Shukri F. Mohamed, Blessing Uchenna Mberu, Djesika D. Amendah, Elizabeth W. Kimani-Murage, Remare Ettarh, Lilly Scofield, Thaddeus Egondi, Frederick Wekesah and Catherine Kyobutungi


Rapid Urbanisation, Urban Food Deserts and Food Security in Africa

Despite increased recognition that urban slum dwellers are both extremely vulnerable and highly underserved, the national and international commitment to address urban food crises is constrained by a dearth of information. In Nairobi, Kenya, an estimated 60 % of the population live in slums or slum-like conditions. On average, the Nairobi poor spend 40–50 % of their income on food. This chapter asks whether the livelihood source of the primary breadwinner in the household determines the level of household food insecurity in an urban slum and analyses the predictors of overall food insecurity in a local slum context.

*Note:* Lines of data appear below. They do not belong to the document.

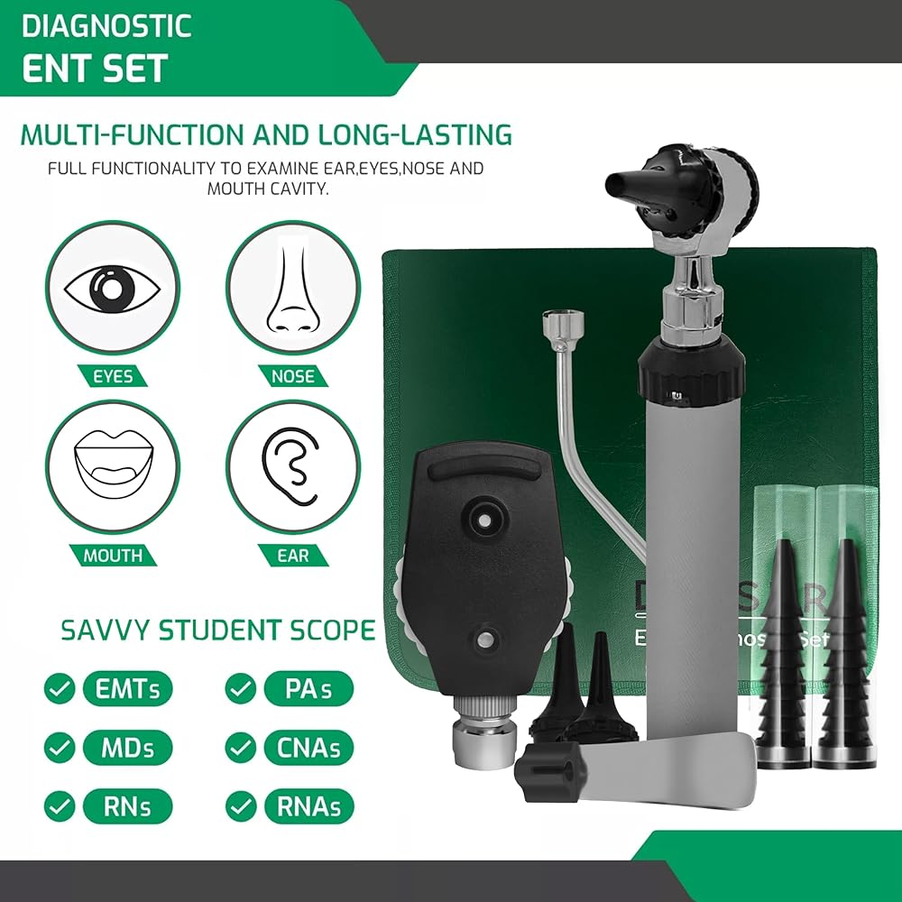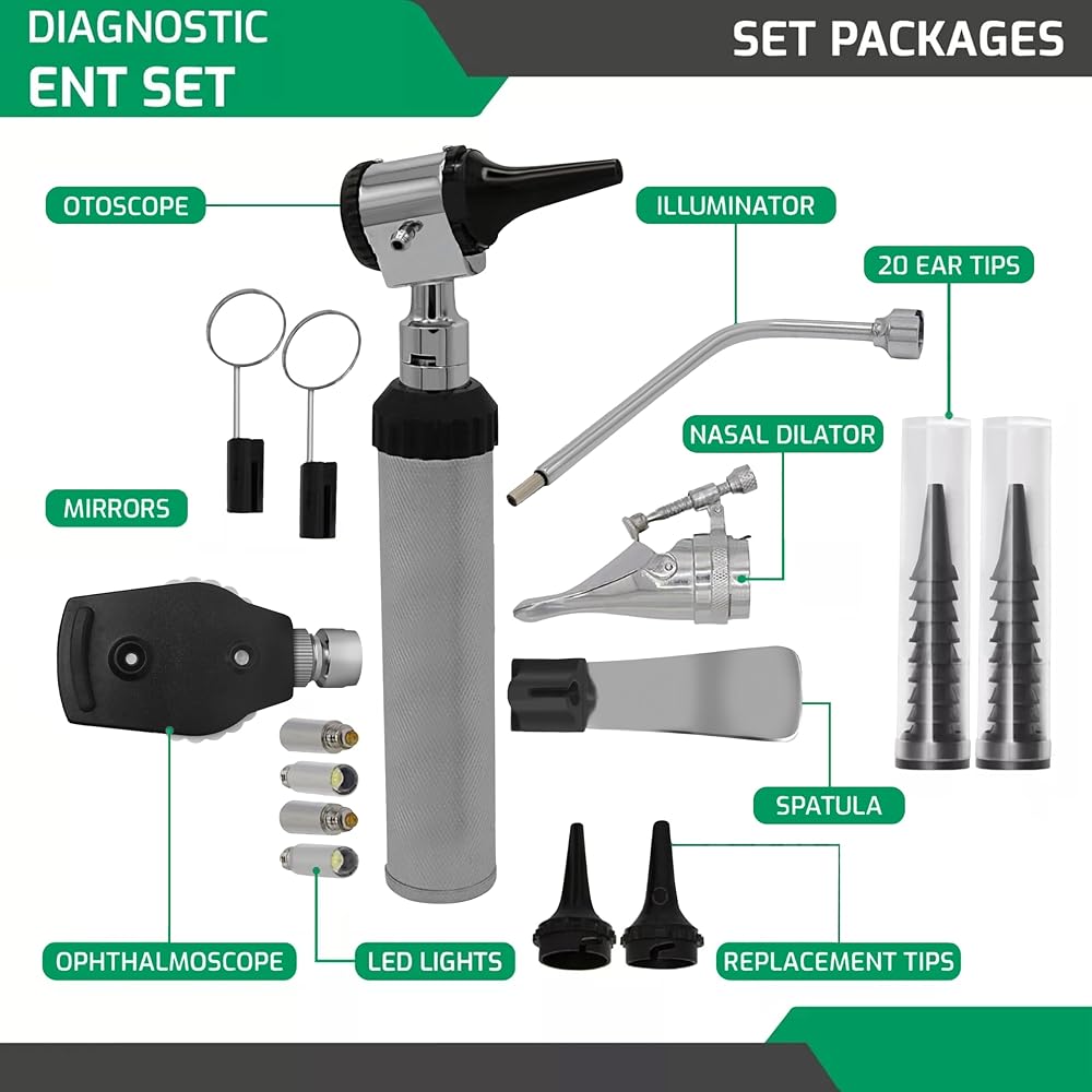 Practice, perfect, and test your ENT diagnostic skills with a full-function scope kit for eye, ear, nose, and throat. Have the right supplies to be prepared for any clinic with your ZetaLife kit by Zyrev. 👌[Versatile Visualization] – Walk the ward with a full set of ENT tools. The kit comes with everything in the picture including one handle, one otoscope head with light, one opthalmoscope head, 3 reusable ear speculums, 1 illuminator, 2 mirrors, 1 nasal adapter, 1 tongue depressor, 20 disposable specula and 4 replacement bulbs. Uses 2 standard C cell batteries (not included).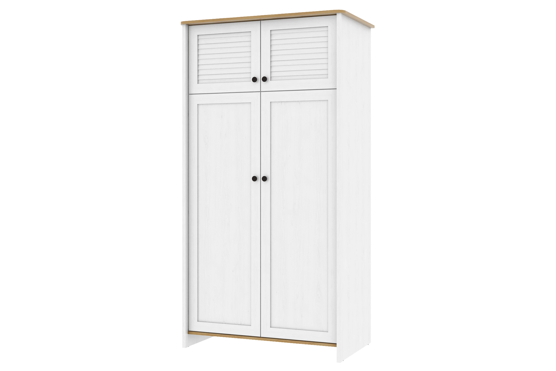 Габариты модели — 1060 мм в ширину, 1995 мм в высоту и 630 мм в глубину. Такой размер делает шкаф универсальным: он достаточно вместителен, чтобы разместить сезонную одежду, бельё и аксессуары, но при этом не перегружает пространство. Внутри — всё, что нужно для удобного хранения: полки, штанга и надёжные секции.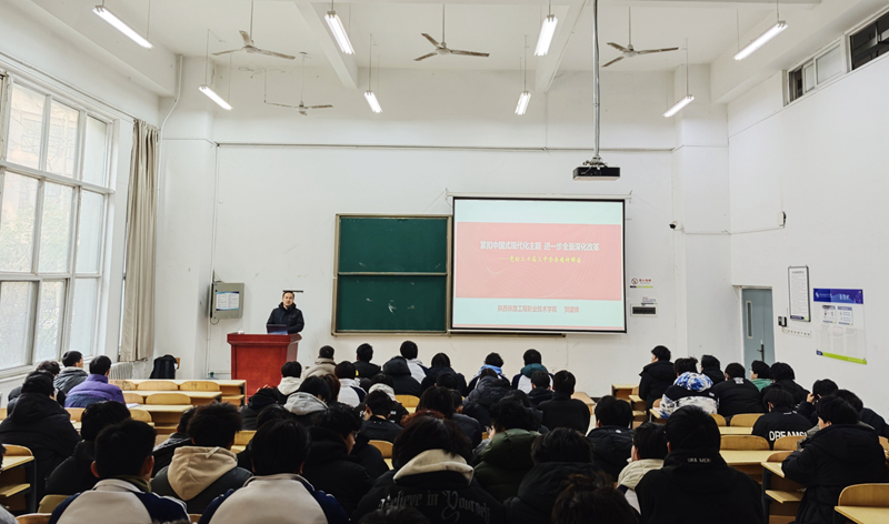 为深入学习宣传贯彻党的二十届三中全会精神,推进全会精神进课堂、进头脑,2024年12月17日上午,贺建锋副校长在高新校区GB106教室为测绘与检测学院测量3238班、测量5211班100余名学生讲授了题为《紧扣中国式现代化主题,进一步全面深化改革——党的二十届三中全会精神解读》的专题思政课。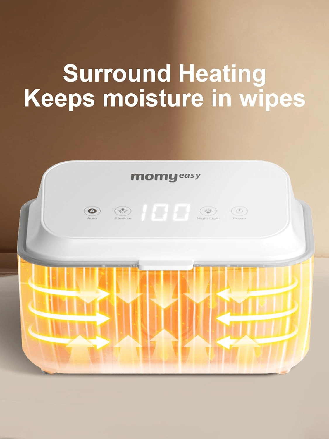 - Surround Heating: The MOMYEASY Baby Wipe Warmer utilizes an innovative surrounding heating design to effectively warm each wet wipe, ensuring that they remain consistently warm, fresh, and moist. The integrated soft night light facilitates easier access during nighttime changes, making the experience comfortable for both parent and baby.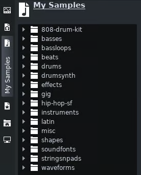 * 直接双击侧边栏中的采样名称，可以将采样添加入样式编辑器（歌曲编辑器不能这样做）。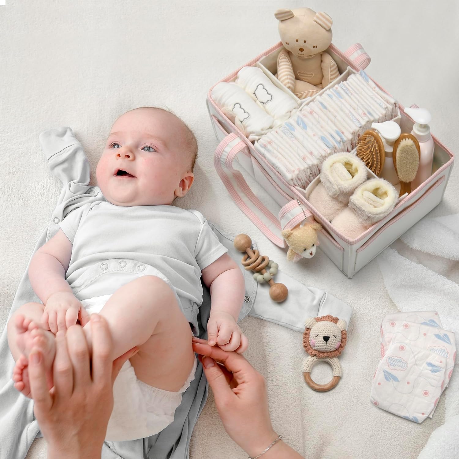 - LIGHTWEIGHT & MULTI-PURPOSE: This baby diaper caddy organizer with handle is perfect for nursery storage, car caddy, or bedside diaper changing station. Store diapers, wipes, breast pump, baby bath items, or toysโideal for travel and everyday use as baby room organizer and storage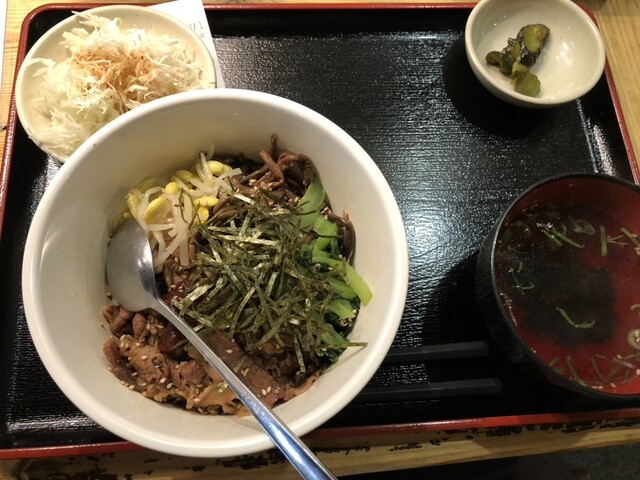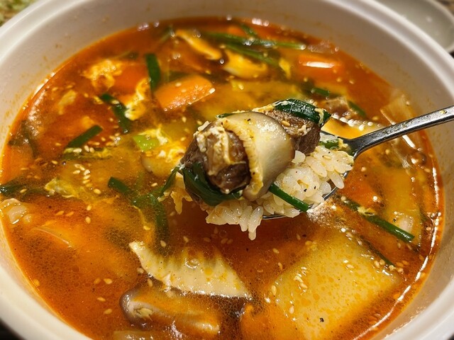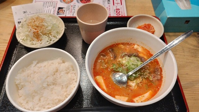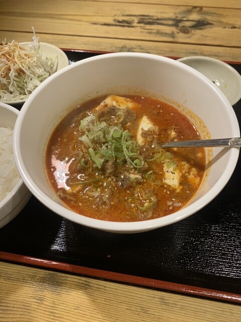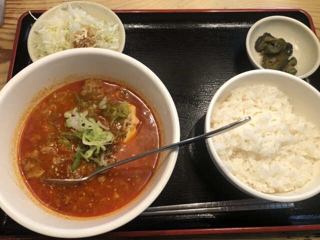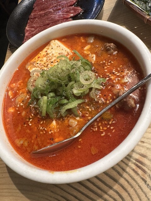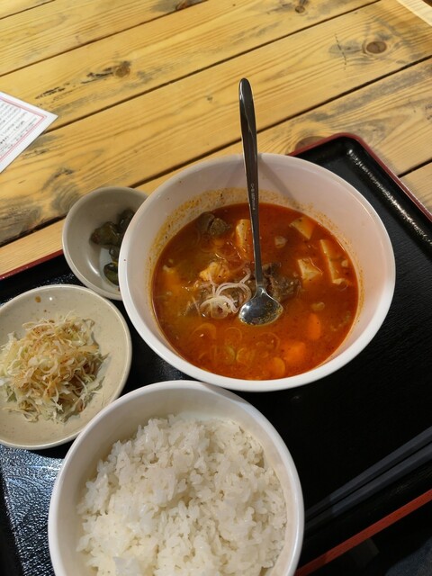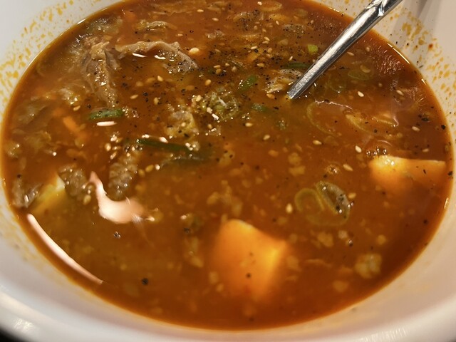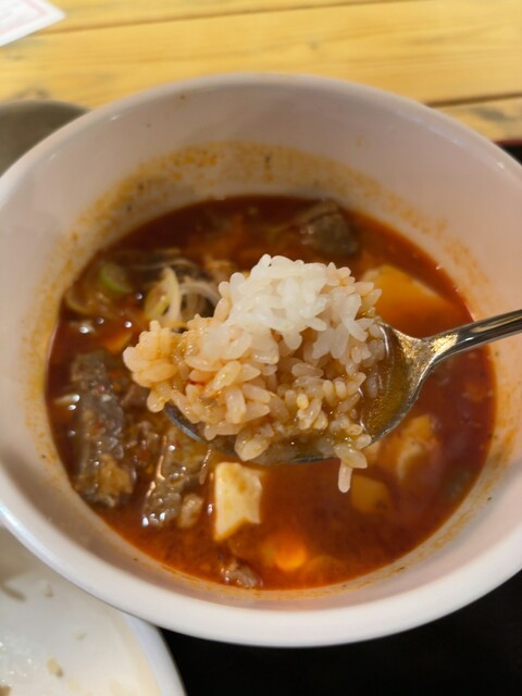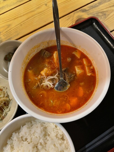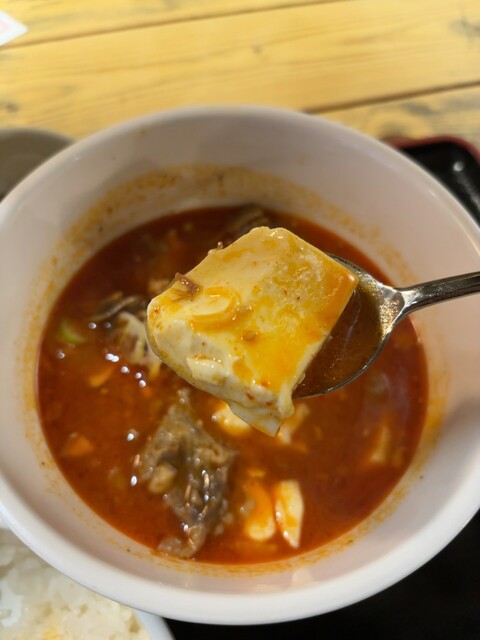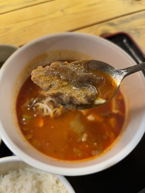 牛すじ煮込み定食(900円)を注文すると、ほどなくして提供。赤みのある見た目ながら辛さは控えめで、甘旨辛といった印象です。スープにはしっかりとしたコクと深みがあり、丁寧に仕込まれていることが伝わってきます。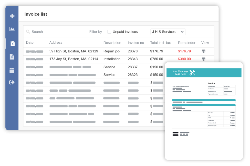 Get paid faster. Our plumbing invoicing software allows your technicians to generate a full, itemized invoice on-site and take payment immediately. Customers can also view and pay invoices online through their secure portal, dramatically improving your cash flow.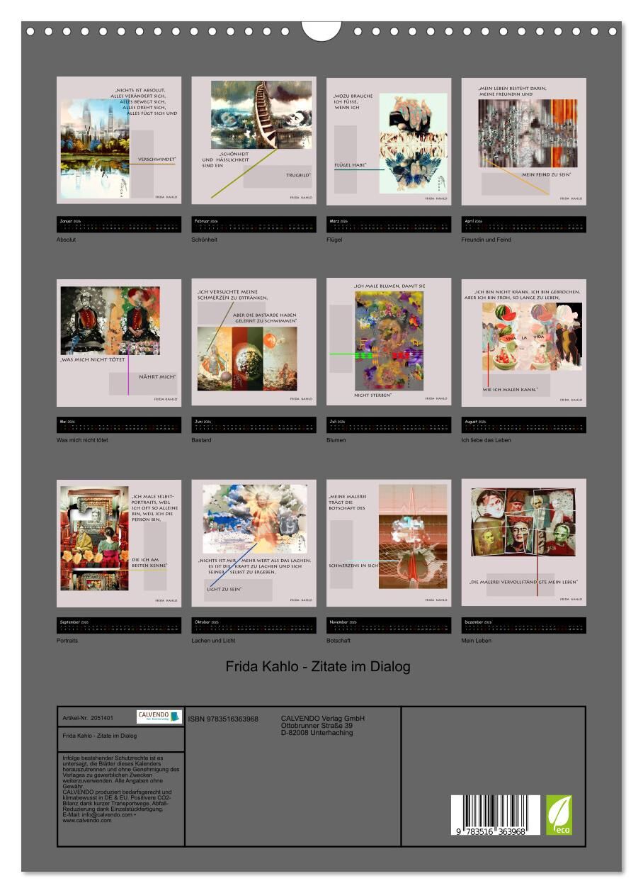 Frida Kahlo - Zitate im Dialog (Wandkalender 2026 DIN A3 hoch), CALVENDO Monatskalender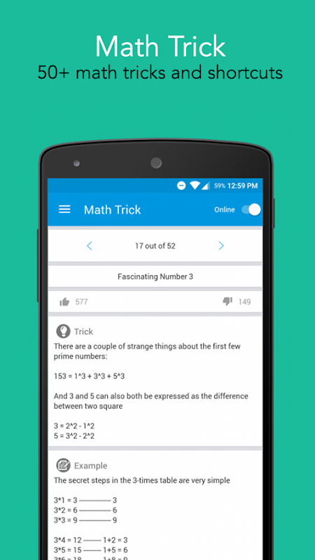 ترفندهای ریاضی بسیار مفید و ثابت می شود کاملا یک ابزار دستی در امتحانات رقابتی که در آن هر فقره دوم هستند. این نرم افزار فراهم بیش از 50 ترفندهای ریاضی برای صرفه جویی در وقت با ارزش خود را در سالن امتحان.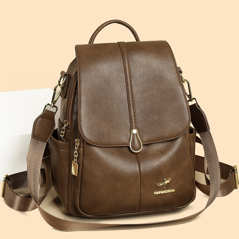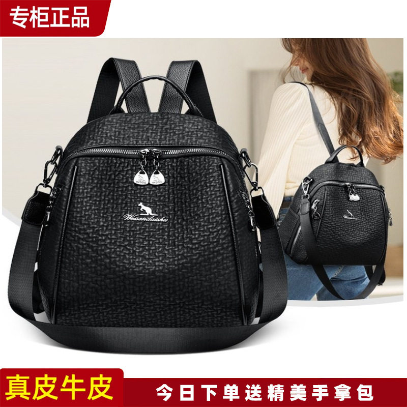 袋鼠真皮双肩包女2026新款百搭通勤背包大容量多功能休闲包牛皮包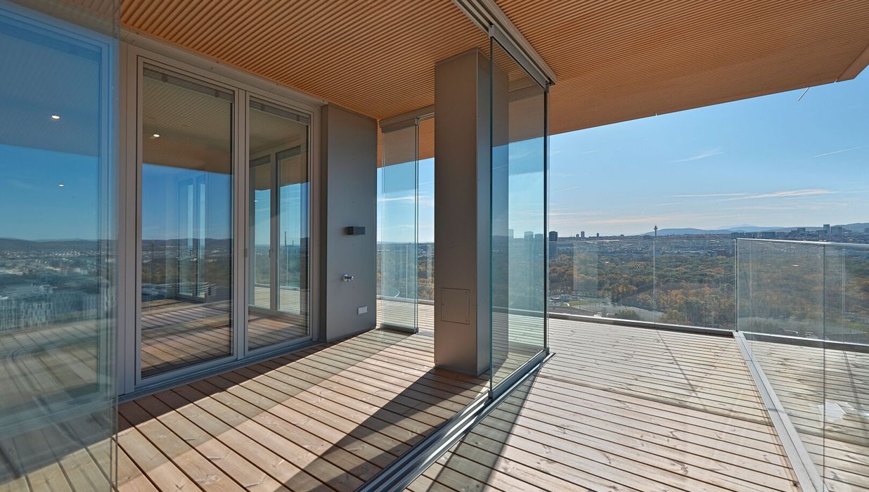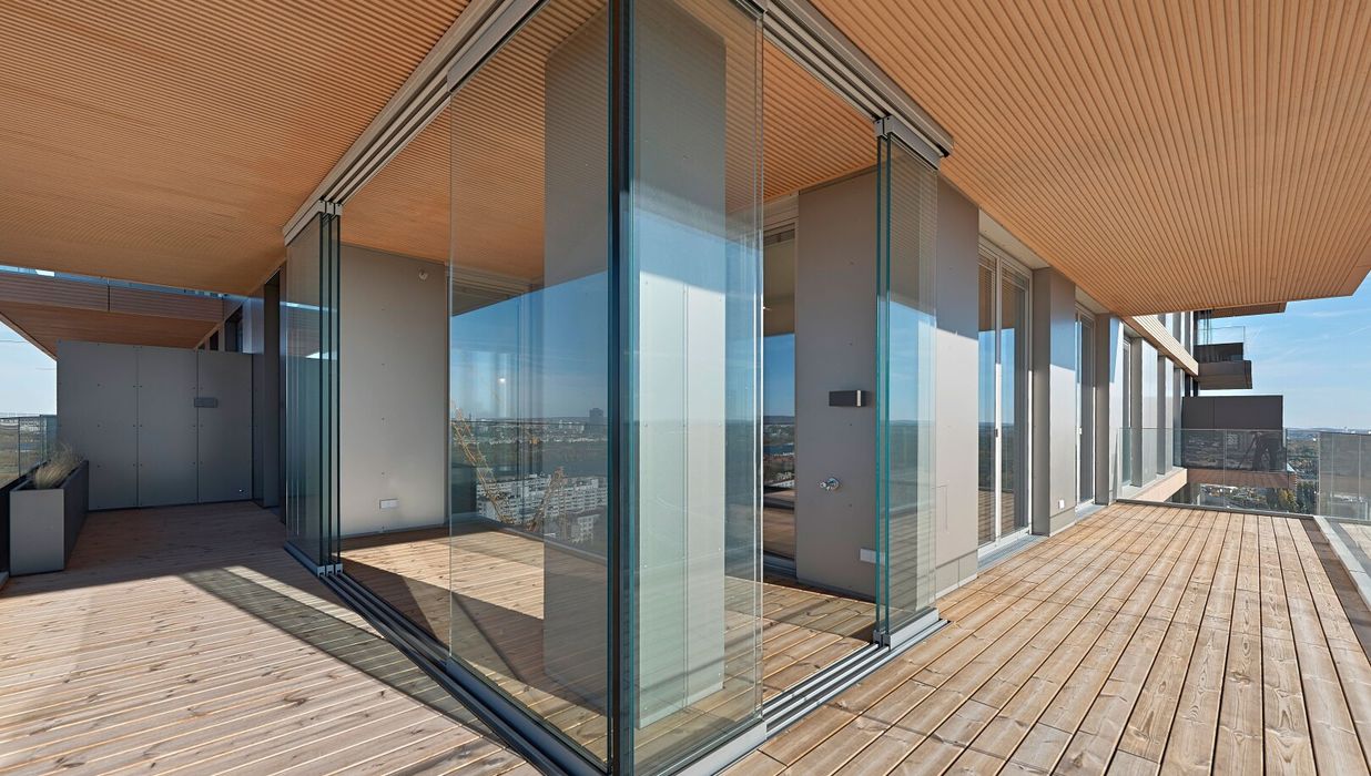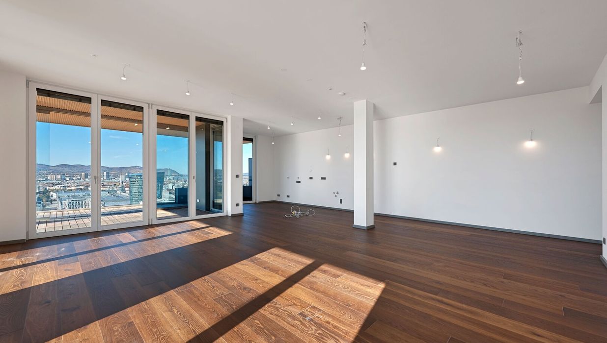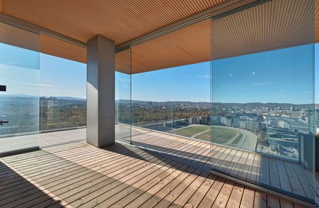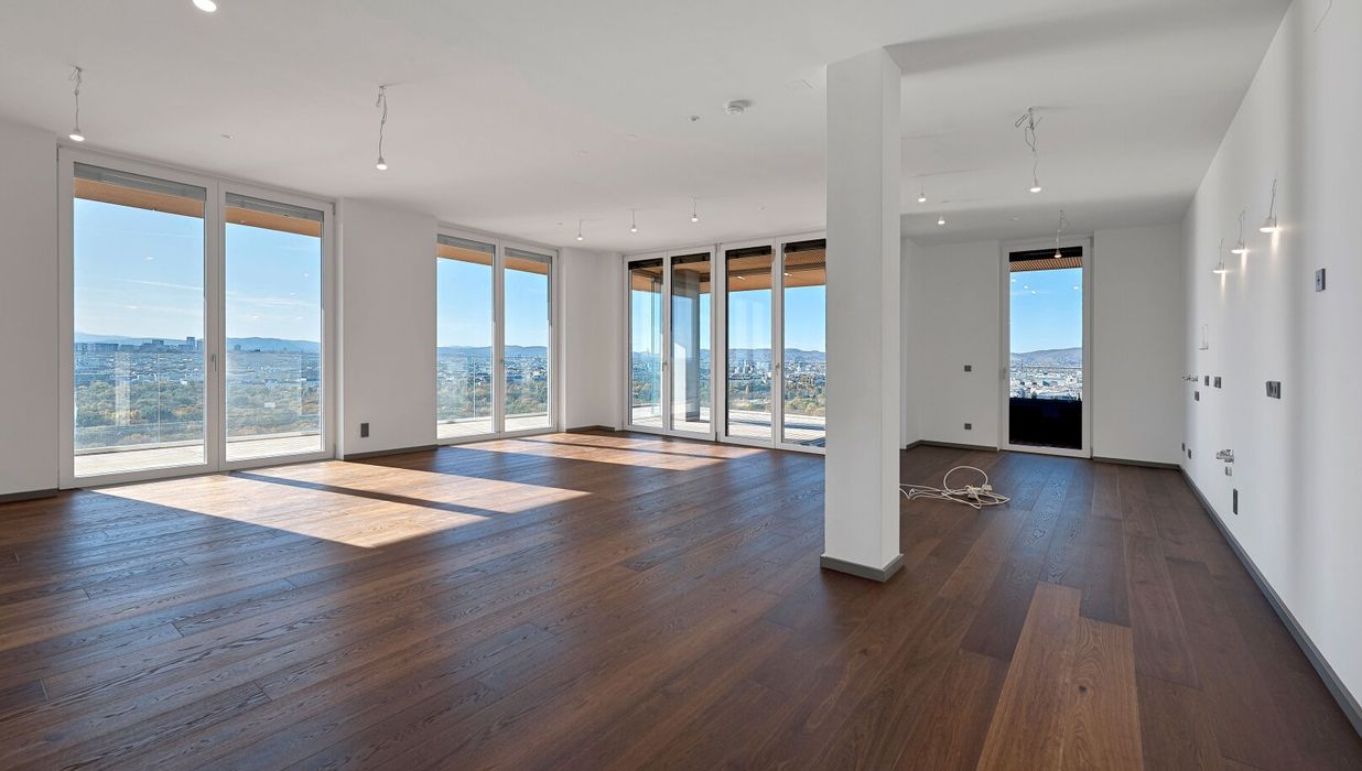 Die Wohnküche mit ca. 57,5 qm bietet insgesamt 5 Ausgänge auf den Balkon bzw. zur verglasten Loggia. Dieser "Wintergarten" bietet Ihnen auch an kühleren Tagen die Möglichkeit, den atemberaubenden Ausblick auf den Prater und über die Stadt zu genießen! Es erwarten Sie optimale Lichtverhältnisse durch die Nordwest- und Südwest-Ausrichtung.

Based on a survey of over 3000 households, the study found that having a stable formal job improves the urban household’s food security beyond the significant effect of income. As a corollary, urban dwellers in casual employment with lower and irregular income face chronic food insecurity. The study also found varying levels of food insecurity between different slums and across sub-groups within particular slums for reasons explored in this chapter.

Citation: 2016. In J. Crush and J. Battersby (eds.), Rapid Urbanisation, Urban Food Deserts and Food Security in Africa (Switzerland: Springer).